Your task: The whole listing is to be written out again exactly; the pictures are not.

Provided data:
□ □ □ □

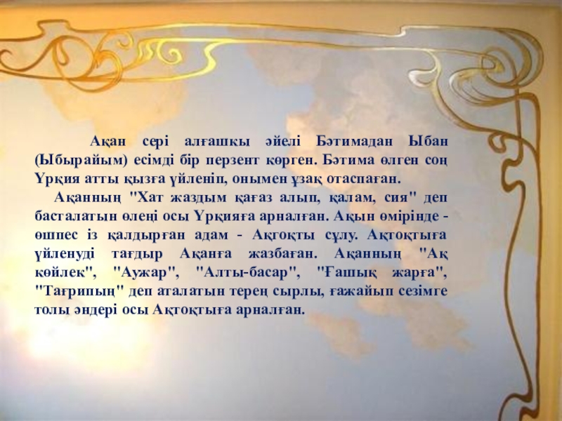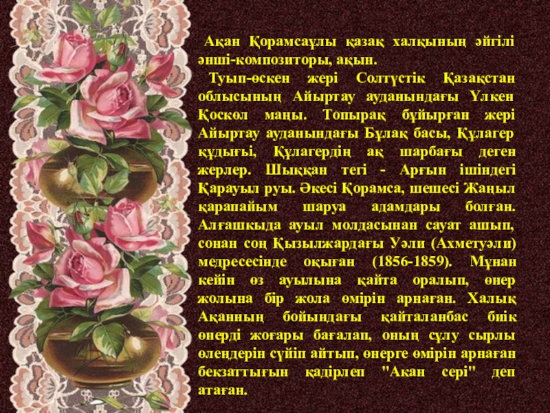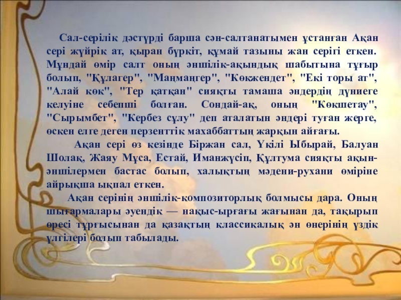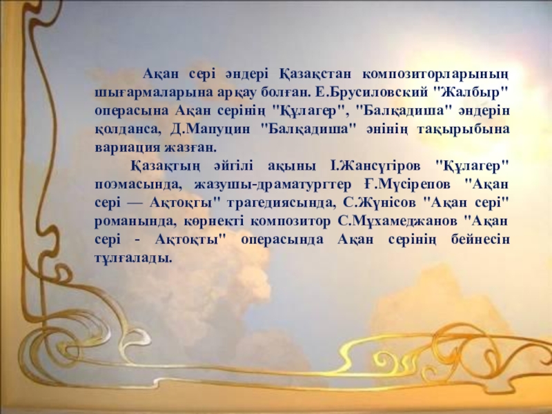 С.Жүнісов “Ақан сері” І. Жансүгіров “Құлагер”
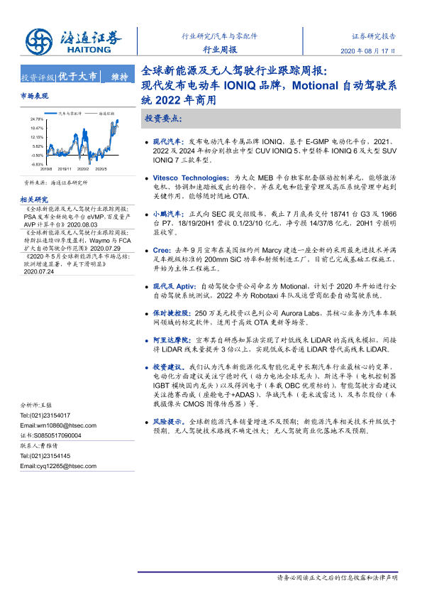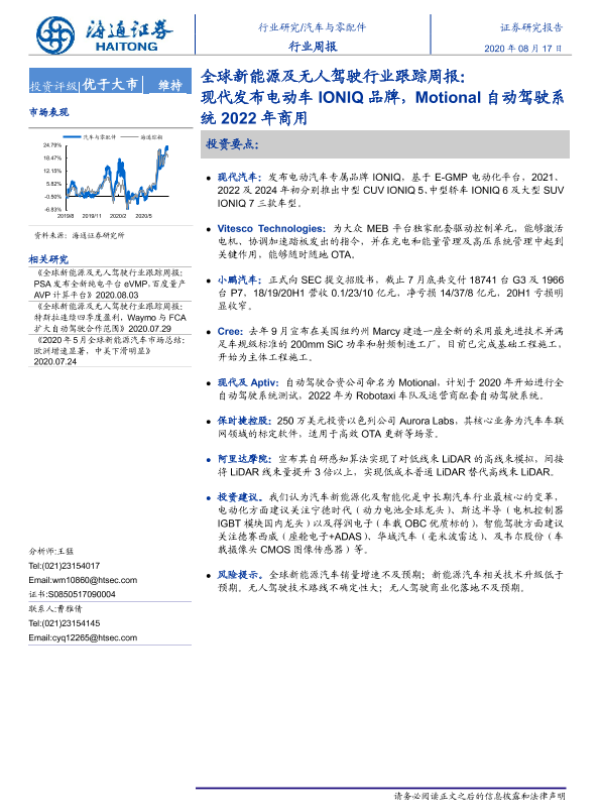 【海通证券】【20200817】全球新能源及无人驾驶行业跟踪周报:现代发布电动车IONIQ品牌,Motional自动驾驶系统2022年商用-5页
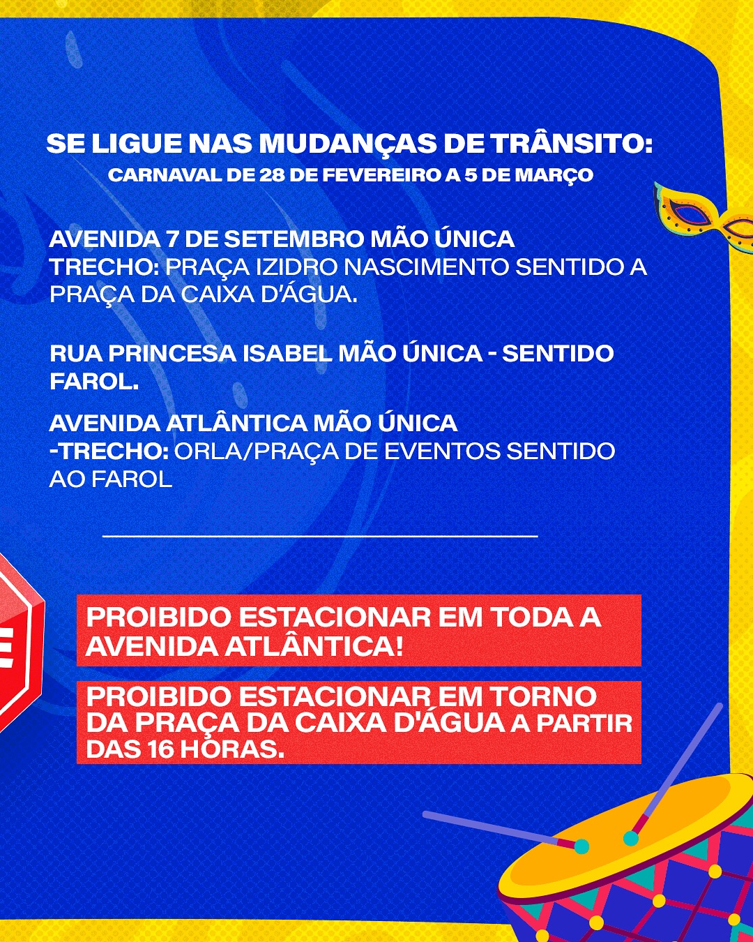• Fica proibido estacionar em toda a Avenida Atlântica durante o período do Carnaval.

□ □ □ □

Result for this task:
 С.Жүнісов “Ақан сері” І. Жансүгіров “Құлагер”
 【海通证券】【20200817】全球新能源及无人驾驶行业跟踪周报:现代发布电动车IONIQ品牌,Motional自动驾驶系统2022年商用-5页
• Fica proibido estacionar em toda a Avenida Atlântica durante o período do Carnaval.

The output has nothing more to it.